* Work instruction:
Repeat every entry exactly as it stands. Omit the images.

* Exercise data:
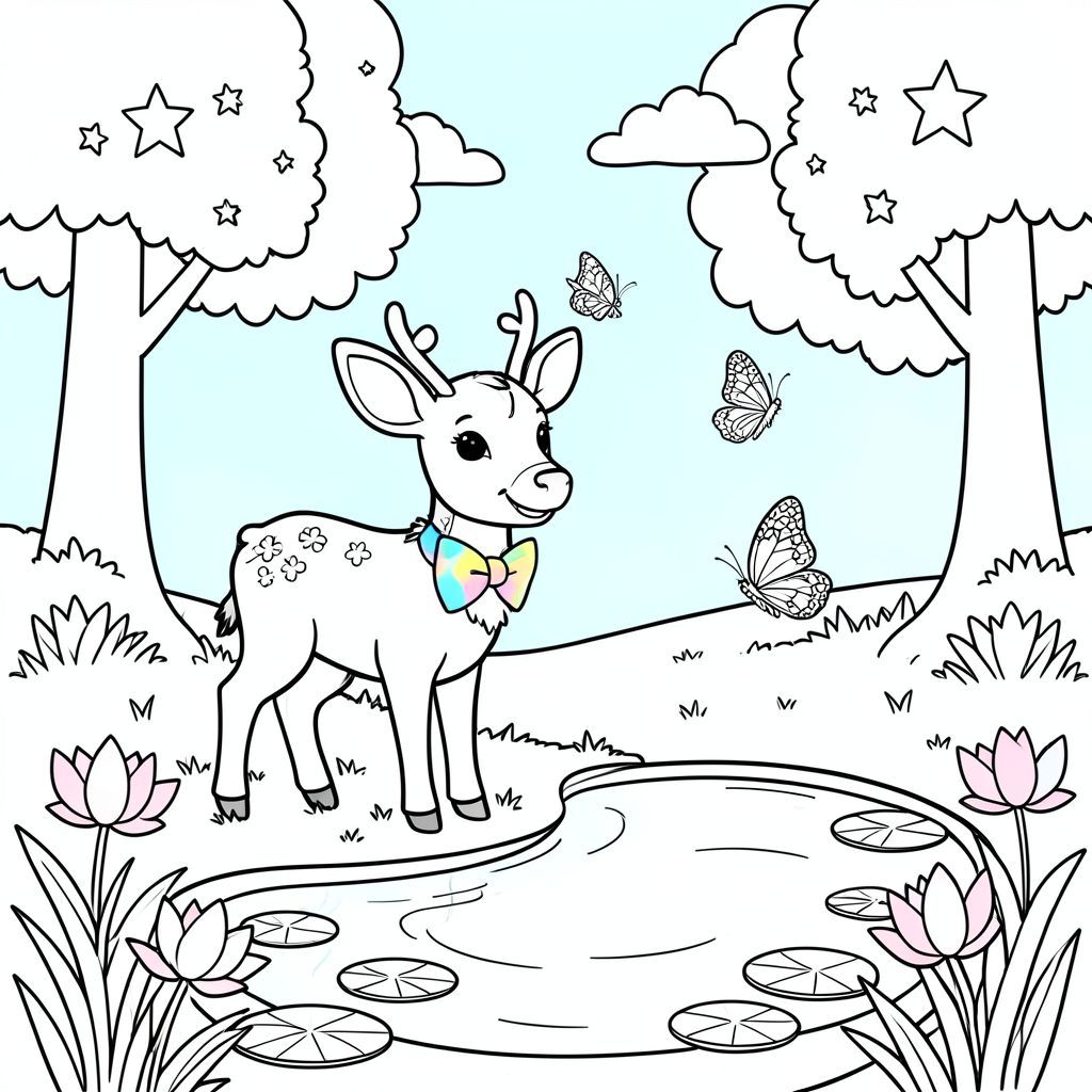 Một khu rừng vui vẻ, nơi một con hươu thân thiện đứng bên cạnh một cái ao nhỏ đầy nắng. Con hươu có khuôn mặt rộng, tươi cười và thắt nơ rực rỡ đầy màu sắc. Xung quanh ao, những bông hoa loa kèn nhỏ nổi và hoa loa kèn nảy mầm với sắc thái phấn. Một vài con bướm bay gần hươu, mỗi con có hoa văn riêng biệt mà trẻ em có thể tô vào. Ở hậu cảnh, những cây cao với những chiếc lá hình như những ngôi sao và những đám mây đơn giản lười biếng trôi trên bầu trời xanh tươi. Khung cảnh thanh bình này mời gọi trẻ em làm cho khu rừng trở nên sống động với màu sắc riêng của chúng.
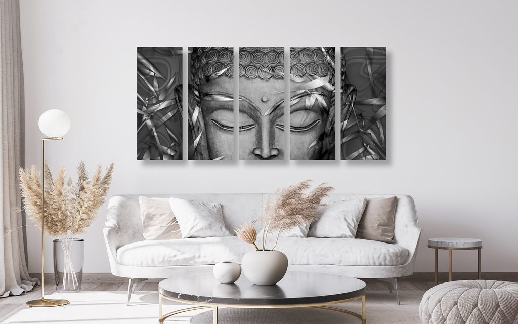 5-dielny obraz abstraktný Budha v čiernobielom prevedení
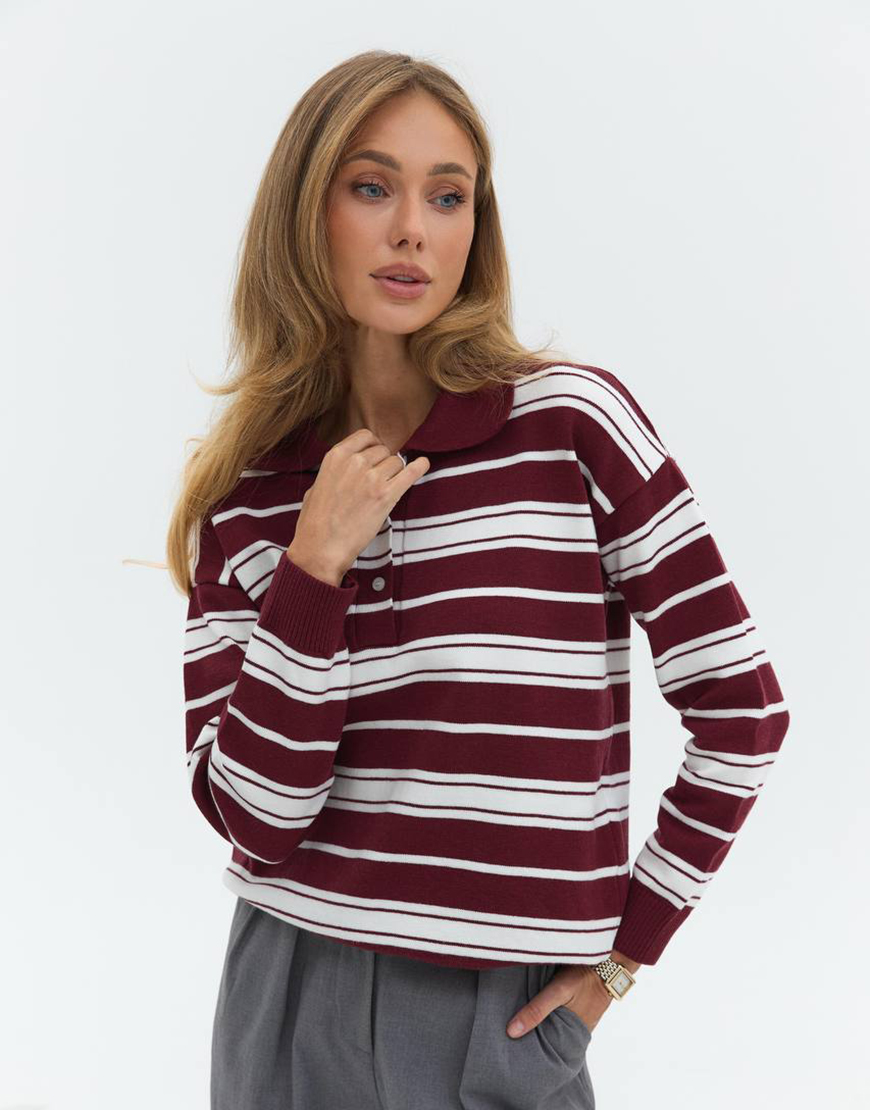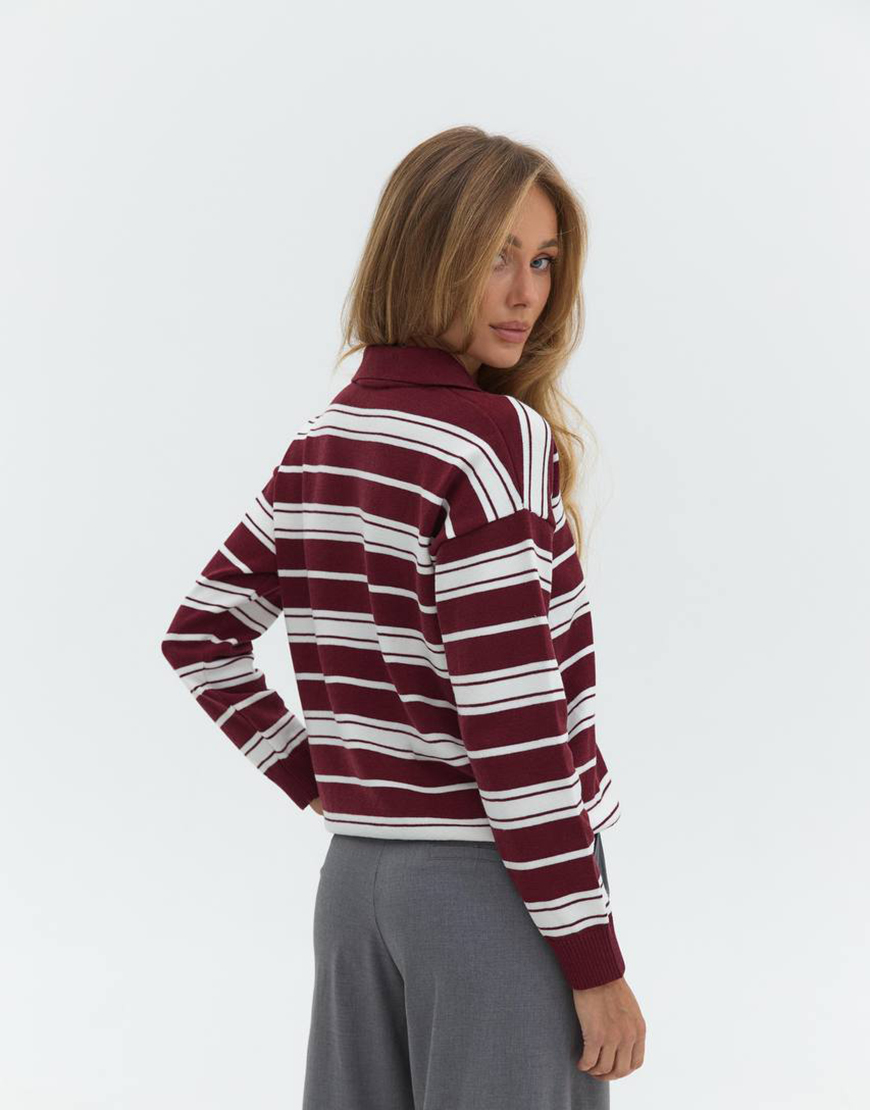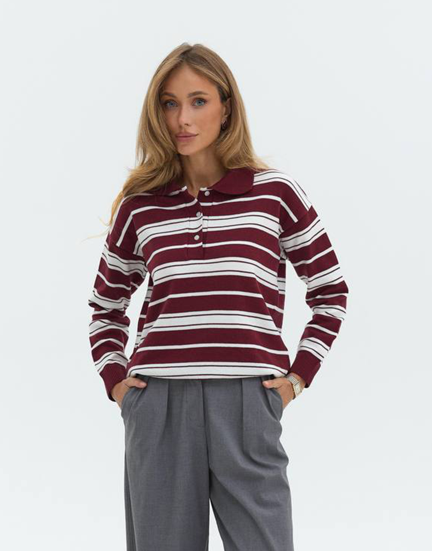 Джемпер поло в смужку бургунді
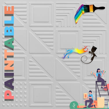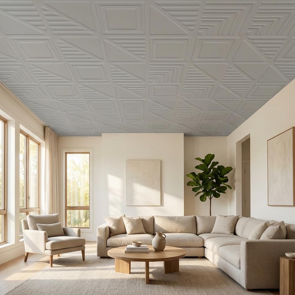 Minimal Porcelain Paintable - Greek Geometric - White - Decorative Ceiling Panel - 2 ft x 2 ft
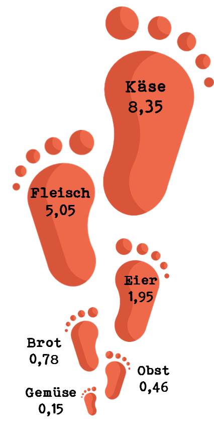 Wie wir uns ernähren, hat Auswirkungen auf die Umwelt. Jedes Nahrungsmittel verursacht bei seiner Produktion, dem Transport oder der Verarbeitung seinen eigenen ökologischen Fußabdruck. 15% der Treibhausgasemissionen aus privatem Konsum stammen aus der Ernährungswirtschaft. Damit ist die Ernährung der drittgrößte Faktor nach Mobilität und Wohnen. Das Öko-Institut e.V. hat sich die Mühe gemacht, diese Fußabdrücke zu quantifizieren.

* The answer:
 Một khu rừng vui vẻ, nơi một con hươu thân thiện đứng bên cạnh một cái ao nhỏ đầy nắng. Con hươu có khuôn mặt rộng, tươi cười và thắt nơ rực rỡ đầy màu sắc. Xung quanh ao, những bông hoa loa kèn nhỏ nổi và hoa loa kèn nảy mầm với sắc thái phấn. Một vài con bướm bay gần hươu, mỗi con có hoa văn riêng biệt mà trẻ em có thể tô vào. Ở hậu cảnh, những cây cao với những chiếc lá hình như những ngôi sao và những đám mây đơn giản lười biếng trôi trên bầu trời xanh tươi. Khung cảnh thanh bình này mời gọi trẻ em làm cho khu rừng trở nên sống động với màu sắc riêng của chúng.
 5-dielny obraz abstraktný Budha v čiernobielom prevedení
 Джемпер поло в смужку бургунді
 Minimal Porcelain Paintable - Greek Geometric - White - Decorative Ceiling Panel - 2 ft x 2 ft
 Wie wir uns ernähren, hat Auswirkungen auf die Umwelt. Jedes Nahrungsmittel verursacht bei seiner Produktion, dem Transport oder der Verarbeitung seinen eigenen ökologischen Fußabdruck. 15% der Treibhausgasemissionen aus privatem Konsum stammen aus der Ernährungswirtschaft. Damit ist die Ernährung der drittgrößte Faktor nach Mobilität und Wohnen. Das Öko-Institut e.V. hat sich die Mühe gemacht, diese Fußabdrücke zu quantifizieren.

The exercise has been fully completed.